Brigadier General John T. Thompson was born in Newport, Kentucky in 1860 and graduated from the United States Military Academy in 1882. Originally commissioned an Artillery Officer, he transferred to the Ordnance Department in 1890.
During the Spanish American War, he served as Chief Ordnance Officer, Tampa, Florida and Chief Ordnance Officer, 4th Army Corps (General Shafter's expeditionary force in the campaign against Santiago de Cuba), and subsequently was a member of the board which selected camp sites in Cuba and arranged for Ordnance depots on the island. He became Senior Assistant to the Chief of Ordnance in 1907 and at various times thereafter was acting Chief of Ordnance.

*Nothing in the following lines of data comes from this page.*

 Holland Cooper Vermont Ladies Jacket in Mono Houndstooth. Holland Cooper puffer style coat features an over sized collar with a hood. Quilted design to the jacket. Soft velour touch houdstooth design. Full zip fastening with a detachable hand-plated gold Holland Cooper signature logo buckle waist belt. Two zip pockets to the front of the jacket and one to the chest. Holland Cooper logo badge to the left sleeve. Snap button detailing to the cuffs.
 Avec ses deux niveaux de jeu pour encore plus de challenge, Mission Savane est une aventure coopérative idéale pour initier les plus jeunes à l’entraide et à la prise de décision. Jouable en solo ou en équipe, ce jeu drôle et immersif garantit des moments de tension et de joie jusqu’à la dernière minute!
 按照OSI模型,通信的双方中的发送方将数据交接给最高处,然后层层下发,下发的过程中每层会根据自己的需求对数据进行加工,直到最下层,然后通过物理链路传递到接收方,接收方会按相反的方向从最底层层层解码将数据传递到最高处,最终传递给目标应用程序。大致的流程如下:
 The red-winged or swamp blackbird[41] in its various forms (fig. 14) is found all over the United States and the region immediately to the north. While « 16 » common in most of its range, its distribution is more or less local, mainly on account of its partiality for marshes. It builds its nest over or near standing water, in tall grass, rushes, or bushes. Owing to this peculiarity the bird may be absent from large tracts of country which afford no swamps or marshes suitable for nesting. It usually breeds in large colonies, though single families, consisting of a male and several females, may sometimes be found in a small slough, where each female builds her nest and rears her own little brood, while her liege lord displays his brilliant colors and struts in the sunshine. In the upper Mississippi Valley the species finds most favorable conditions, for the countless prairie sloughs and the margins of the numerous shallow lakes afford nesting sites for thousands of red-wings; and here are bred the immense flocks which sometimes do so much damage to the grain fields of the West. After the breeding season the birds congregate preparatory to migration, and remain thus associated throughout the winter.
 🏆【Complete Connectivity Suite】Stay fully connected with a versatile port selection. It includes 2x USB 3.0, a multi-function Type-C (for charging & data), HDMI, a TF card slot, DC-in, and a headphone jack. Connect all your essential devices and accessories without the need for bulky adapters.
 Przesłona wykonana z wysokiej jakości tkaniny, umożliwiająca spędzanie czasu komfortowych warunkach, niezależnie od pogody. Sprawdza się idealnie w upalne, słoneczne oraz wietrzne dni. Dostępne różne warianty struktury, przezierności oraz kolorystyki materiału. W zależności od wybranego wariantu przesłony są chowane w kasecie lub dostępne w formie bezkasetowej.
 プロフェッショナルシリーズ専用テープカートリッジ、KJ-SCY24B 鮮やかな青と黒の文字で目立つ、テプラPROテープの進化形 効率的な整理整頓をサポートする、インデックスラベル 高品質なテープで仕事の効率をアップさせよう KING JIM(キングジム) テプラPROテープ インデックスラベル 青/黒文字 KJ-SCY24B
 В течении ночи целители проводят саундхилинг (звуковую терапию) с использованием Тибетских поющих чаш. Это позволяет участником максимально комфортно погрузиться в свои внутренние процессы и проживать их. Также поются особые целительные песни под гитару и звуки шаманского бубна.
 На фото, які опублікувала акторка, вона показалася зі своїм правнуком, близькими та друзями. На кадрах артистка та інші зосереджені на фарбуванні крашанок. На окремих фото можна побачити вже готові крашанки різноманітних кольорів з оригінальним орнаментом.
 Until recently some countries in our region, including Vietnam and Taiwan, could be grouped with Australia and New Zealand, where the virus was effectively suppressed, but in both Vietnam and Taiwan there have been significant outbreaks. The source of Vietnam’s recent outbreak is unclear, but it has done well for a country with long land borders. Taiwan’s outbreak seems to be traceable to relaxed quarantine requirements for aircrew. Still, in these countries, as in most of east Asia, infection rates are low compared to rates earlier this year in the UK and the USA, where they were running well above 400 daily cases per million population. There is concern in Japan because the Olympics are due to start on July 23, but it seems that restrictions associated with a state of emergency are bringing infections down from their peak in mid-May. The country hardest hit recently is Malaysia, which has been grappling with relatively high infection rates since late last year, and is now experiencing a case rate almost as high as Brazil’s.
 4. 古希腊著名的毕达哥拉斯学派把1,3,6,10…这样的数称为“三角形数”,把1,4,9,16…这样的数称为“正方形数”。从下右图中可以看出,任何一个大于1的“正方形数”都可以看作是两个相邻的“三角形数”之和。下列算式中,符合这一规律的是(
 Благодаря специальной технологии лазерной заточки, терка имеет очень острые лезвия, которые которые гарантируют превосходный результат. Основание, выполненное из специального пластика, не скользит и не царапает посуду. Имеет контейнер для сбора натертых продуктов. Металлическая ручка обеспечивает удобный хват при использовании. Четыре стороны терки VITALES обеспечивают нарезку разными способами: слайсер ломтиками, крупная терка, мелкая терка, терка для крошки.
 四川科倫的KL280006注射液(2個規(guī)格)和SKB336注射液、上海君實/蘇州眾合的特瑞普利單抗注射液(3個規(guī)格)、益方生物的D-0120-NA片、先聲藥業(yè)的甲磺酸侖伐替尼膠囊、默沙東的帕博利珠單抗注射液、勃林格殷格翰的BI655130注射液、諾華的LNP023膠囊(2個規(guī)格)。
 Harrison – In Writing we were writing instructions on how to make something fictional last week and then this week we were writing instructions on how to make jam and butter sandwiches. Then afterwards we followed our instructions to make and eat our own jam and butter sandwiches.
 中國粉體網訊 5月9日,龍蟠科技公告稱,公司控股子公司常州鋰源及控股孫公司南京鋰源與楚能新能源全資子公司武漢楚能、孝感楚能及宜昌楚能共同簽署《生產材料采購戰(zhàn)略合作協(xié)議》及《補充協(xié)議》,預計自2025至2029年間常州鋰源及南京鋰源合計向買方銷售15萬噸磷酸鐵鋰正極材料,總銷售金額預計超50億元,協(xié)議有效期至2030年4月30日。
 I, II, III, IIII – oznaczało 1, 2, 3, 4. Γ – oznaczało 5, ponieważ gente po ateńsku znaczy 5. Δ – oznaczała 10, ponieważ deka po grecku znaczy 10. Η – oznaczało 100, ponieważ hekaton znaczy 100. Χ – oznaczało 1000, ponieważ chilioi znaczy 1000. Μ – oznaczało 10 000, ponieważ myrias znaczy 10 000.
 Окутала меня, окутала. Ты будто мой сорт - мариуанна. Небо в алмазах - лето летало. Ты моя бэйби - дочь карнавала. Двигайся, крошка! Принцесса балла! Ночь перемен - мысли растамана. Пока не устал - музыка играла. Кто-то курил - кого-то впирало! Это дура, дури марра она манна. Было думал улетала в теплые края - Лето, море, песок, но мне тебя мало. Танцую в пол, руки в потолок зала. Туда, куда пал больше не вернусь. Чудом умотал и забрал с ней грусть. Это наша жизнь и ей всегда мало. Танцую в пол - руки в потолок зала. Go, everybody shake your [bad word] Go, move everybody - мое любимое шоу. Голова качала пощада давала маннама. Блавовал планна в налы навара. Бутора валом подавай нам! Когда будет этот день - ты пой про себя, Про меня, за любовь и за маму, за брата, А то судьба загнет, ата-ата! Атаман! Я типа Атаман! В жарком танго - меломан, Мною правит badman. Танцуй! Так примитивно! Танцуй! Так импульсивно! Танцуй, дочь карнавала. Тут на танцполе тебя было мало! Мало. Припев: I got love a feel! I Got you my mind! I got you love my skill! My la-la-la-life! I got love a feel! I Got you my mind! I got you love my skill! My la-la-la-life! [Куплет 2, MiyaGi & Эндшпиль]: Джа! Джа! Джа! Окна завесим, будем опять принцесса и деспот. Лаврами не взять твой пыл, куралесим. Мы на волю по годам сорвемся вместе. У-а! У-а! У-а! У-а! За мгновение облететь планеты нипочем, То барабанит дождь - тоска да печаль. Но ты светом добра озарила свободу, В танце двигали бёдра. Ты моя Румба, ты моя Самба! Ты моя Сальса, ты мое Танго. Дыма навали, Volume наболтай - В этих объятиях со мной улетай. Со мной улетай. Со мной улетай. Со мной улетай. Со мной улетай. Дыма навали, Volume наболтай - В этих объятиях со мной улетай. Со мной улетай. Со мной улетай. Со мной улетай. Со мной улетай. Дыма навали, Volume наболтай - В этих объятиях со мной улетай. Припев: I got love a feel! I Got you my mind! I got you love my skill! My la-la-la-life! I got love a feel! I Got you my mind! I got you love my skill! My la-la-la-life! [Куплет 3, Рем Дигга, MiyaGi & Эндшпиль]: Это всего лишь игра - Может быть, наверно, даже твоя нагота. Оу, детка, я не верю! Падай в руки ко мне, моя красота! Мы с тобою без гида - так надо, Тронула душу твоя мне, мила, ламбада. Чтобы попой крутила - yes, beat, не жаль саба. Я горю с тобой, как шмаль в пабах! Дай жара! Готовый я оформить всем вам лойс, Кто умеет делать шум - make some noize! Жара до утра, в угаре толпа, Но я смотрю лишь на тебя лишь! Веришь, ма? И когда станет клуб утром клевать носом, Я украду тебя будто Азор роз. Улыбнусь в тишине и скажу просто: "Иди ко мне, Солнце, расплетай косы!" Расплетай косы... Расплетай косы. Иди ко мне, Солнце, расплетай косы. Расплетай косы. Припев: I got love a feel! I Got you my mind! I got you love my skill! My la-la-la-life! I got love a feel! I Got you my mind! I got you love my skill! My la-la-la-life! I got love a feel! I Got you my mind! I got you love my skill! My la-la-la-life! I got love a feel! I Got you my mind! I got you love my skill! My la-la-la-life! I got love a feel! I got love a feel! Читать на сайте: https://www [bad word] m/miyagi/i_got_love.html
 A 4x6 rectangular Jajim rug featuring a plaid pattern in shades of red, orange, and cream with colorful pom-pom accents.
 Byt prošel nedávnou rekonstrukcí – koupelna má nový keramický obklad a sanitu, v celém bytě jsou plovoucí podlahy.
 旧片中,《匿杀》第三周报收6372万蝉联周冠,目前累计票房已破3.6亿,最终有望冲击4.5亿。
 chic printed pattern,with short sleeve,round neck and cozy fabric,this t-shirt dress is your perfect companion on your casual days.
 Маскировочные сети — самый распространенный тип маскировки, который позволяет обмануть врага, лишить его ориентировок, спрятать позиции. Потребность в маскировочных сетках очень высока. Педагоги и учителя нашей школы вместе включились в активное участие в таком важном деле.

He was interested in military small arms and his service in Cuba impressed him with the necessity for increasing the fire power of the individual soldier, and duty at Springfield and Rock Island Arsenals sustained this interest. While he was Chief of the Small Arms Division of the Ordnance Department, he supervised the development of the Springfield rifle. Retiring from active service at the start of World War I, he became Chief Engineer of the Remington Arms Corporation and designed and built the corporation's Eddystone plant at Chester, Pennsylvania.
When recalled to active service in 1917, he became Chief of the Small Arms Division of the Ordnance Office and was in charge of the design and manufacture of small arms and cartridges. He again returned to inactive service in 1918. In 1920, he became President of the Auto Ordnance Corporation and subsequently was in charge of engineering for the invention, manufacture, and inspection of his gun. In 1921, on the Company's order, 15,000 basic Thompson submachine guns were manufactured by Colt's Patent Fire Army Manufacturing Company.
The Thompson submachine gun, caliber .45 and caliber .38, was used by the U.S. Navy, Marines, Coast Guard, and Belgian Congo Army, becoming famous as the "Tommy Gun." From 1920 to 1930 he was president of the John T. Thompson Corporation and was promoted to brigadier general on the retired list in 1930. General Thompson died in 1940.